He asked her, “How will you stop my sister now? She has great magic and the favor of all the gods; Egyptian, Roman and Greek. She has Caesar.”

Sorceress Thrace held out her arms. “I shall have to circumvent all the gods of all the farms and cities, then.”

“Where else is there?”

Sorceress Thrace answered, “In the
wild
places we will find our answer. As wild as the mountain bird nest of the phoenix!”

 

~

 

Outside on the steps of the Palace of Alexandria, facing the seaside market plaza, Octavian stood with Phaedra. He said to her, “I’ll leave you with my ugly centurion while I visit with the pharaoh.”

“An
ugly
centurion?”

Octavian grinned ominously. “Then I won’t have to feel jealous thoughts about you while I visit with little Ptolemy.”

Phaedra looked out over the busy plaza. “It looks so exciting. I’ve never seen such a big market like this before… and by the sea! Big, big, everything here is so big! Is it dangerous?”

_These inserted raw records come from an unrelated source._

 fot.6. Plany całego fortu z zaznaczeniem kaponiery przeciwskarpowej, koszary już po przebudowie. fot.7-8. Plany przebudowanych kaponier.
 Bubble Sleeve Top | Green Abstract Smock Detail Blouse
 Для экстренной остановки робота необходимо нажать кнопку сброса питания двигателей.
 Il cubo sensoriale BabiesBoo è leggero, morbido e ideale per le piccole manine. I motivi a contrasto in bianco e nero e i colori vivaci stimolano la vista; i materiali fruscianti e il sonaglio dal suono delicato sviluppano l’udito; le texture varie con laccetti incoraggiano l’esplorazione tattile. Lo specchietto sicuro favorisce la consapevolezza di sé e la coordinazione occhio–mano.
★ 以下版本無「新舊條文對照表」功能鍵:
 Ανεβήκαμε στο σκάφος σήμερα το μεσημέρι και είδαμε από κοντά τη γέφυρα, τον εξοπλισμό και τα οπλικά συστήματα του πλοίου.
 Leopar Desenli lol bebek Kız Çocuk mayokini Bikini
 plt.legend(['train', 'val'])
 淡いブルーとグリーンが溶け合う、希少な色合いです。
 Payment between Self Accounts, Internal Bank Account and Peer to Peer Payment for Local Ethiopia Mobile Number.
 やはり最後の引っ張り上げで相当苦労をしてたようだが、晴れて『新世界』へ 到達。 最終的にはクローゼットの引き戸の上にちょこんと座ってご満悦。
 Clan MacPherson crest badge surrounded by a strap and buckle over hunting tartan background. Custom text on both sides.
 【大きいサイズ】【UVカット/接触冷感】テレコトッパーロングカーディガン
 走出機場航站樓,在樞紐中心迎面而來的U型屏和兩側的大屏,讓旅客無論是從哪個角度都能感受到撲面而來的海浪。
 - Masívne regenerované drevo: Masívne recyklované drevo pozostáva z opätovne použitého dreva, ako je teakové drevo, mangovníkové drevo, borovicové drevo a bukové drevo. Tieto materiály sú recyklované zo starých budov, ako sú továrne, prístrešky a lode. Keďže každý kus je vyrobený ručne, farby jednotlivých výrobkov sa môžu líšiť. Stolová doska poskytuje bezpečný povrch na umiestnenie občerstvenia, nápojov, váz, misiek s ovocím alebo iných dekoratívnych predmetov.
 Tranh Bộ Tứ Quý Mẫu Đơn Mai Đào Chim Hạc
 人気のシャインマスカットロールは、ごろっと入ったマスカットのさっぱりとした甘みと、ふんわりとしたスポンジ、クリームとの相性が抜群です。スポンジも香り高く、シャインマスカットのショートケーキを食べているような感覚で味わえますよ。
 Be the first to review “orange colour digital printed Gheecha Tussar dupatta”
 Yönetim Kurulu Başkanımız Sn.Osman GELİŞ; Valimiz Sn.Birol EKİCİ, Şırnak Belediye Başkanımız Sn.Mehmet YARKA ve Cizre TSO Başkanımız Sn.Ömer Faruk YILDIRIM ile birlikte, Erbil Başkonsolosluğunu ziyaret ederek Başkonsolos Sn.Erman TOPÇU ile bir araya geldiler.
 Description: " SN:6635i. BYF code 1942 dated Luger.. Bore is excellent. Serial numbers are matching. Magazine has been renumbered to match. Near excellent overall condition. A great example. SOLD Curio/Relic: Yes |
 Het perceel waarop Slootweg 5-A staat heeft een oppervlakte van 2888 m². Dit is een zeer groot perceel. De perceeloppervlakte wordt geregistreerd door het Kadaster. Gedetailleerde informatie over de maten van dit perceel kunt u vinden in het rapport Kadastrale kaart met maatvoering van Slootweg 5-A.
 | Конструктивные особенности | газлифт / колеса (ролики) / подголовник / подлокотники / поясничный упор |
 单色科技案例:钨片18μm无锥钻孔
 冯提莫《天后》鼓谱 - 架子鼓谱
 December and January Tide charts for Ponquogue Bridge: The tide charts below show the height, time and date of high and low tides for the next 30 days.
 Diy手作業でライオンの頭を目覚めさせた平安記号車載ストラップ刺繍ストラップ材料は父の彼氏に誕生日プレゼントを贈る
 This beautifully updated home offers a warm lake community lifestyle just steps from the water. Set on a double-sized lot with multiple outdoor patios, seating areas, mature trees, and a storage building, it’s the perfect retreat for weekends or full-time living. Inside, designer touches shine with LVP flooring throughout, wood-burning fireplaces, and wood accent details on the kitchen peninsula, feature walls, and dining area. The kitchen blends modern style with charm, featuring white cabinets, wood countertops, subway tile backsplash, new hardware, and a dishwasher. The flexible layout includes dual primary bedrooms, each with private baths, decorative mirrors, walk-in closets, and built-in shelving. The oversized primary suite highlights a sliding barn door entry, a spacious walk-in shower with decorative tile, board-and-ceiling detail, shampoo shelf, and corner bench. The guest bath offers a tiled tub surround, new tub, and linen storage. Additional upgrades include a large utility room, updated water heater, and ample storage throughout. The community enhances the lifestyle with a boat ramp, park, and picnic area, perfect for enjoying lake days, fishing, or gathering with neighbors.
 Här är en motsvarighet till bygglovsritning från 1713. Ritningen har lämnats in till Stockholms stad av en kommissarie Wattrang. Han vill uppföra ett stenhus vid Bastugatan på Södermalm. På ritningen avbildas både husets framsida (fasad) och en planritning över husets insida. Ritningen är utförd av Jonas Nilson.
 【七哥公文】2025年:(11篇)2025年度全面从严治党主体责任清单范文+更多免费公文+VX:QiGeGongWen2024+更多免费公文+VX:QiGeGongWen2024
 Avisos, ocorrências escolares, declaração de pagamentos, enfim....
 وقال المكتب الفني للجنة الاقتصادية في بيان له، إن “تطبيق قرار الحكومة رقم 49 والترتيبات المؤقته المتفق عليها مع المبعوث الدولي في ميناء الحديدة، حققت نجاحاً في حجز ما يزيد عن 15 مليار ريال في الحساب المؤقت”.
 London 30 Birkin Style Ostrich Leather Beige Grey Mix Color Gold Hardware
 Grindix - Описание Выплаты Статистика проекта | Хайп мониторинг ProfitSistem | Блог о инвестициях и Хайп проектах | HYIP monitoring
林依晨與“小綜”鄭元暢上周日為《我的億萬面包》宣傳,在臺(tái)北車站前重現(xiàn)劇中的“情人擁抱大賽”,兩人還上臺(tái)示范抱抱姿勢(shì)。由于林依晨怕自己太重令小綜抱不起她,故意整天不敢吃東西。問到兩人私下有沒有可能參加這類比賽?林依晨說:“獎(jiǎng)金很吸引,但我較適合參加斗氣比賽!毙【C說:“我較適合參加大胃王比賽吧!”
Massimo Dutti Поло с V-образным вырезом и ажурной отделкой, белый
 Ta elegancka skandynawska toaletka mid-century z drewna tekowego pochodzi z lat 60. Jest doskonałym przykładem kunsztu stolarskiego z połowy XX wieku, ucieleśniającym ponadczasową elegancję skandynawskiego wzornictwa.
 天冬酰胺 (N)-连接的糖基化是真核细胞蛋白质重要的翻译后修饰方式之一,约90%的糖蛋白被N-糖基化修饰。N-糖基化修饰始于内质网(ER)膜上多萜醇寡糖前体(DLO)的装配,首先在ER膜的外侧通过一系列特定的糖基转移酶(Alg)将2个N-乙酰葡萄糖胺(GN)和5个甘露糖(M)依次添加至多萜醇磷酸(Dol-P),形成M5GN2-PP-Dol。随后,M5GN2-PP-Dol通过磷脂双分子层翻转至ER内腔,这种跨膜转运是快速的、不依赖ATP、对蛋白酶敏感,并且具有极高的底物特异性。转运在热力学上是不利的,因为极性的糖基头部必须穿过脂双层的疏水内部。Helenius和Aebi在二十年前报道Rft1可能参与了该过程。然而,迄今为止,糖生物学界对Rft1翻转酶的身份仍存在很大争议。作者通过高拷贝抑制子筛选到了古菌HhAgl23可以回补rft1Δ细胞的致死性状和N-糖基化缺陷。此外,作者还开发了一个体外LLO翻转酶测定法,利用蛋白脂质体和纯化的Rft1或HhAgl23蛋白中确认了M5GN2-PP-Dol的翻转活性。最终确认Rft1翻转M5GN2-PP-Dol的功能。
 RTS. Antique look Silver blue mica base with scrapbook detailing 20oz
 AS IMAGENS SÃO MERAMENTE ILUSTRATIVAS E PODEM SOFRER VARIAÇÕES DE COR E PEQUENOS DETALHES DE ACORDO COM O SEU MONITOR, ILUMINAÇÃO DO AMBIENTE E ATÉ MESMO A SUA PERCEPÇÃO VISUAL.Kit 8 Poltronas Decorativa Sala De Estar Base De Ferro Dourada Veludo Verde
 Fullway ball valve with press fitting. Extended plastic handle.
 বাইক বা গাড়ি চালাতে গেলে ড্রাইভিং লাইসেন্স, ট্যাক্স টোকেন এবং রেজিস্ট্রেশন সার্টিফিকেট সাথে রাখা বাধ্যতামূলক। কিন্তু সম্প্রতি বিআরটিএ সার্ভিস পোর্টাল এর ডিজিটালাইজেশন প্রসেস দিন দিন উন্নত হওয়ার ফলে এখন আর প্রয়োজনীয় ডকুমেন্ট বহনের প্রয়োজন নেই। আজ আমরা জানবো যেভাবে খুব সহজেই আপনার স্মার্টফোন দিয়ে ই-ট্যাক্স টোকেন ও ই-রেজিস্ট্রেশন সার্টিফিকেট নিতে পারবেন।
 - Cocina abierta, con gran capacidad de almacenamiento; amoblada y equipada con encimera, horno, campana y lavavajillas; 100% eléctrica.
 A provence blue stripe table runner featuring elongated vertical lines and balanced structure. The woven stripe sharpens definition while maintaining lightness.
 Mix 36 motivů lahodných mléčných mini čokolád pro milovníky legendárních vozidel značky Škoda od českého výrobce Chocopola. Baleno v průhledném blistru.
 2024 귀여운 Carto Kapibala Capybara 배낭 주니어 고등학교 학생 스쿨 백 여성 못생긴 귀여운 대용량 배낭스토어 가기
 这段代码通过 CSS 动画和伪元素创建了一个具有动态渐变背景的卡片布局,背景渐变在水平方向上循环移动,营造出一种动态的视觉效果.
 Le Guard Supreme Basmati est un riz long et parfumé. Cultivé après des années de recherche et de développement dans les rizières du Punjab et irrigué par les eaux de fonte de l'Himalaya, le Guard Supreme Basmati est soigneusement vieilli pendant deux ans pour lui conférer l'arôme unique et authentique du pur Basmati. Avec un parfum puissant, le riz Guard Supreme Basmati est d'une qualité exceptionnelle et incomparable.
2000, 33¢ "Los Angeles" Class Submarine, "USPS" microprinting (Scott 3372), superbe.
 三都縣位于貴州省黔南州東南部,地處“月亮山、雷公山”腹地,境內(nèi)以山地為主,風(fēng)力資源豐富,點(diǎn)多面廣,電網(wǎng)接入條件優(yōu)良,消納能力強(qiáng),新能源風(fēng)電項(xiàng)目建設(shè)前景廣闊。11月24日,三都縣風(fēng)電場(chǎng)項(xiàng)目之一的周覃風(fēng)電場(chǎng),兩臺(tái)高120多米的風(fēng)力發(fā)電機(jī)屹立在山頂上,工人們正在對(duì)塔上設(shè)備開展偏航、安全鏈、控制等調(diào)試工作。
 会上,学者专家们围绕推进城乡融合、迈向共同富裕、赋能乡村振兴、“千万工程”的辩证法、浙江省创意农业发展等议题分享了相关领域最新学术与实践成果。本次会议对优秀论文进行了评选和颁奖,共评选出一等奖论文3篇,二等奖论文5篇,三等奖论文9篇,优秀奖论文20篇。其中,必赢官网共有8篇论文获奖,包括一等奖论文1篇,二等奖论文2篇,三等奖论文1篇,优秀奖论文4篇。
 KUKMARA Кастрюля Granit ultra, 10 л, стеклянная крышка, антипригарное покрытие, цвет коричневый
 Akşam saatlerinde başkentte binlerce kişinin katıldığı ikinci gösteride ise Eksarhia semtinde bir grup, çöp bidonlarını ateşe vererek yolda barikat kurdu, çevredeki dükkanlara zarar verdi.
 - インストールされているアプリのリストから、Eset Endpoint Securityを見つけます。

“Nope. Make yourself at home, the market here works just like in Rome. Here’s some denarius.” He handed her ten silver coins. “Buy a treat for me too. Just keep your centurion at the edge of the plaza at all times if you should go beyond it so I can find you again when I’m done.”

“Why would I leave the plaza? By the gods why would I leave the centurion at the edge?”  

Octavian explained, “There’s a library just up the shore from the market if you’re so curious about that. It’s big too. It’s much bigger than the usual temple library. It’s a library to science. The libraries in Rome are better though, of course. This city is an unorganized mess.”

She agreed with him that Rome is always best.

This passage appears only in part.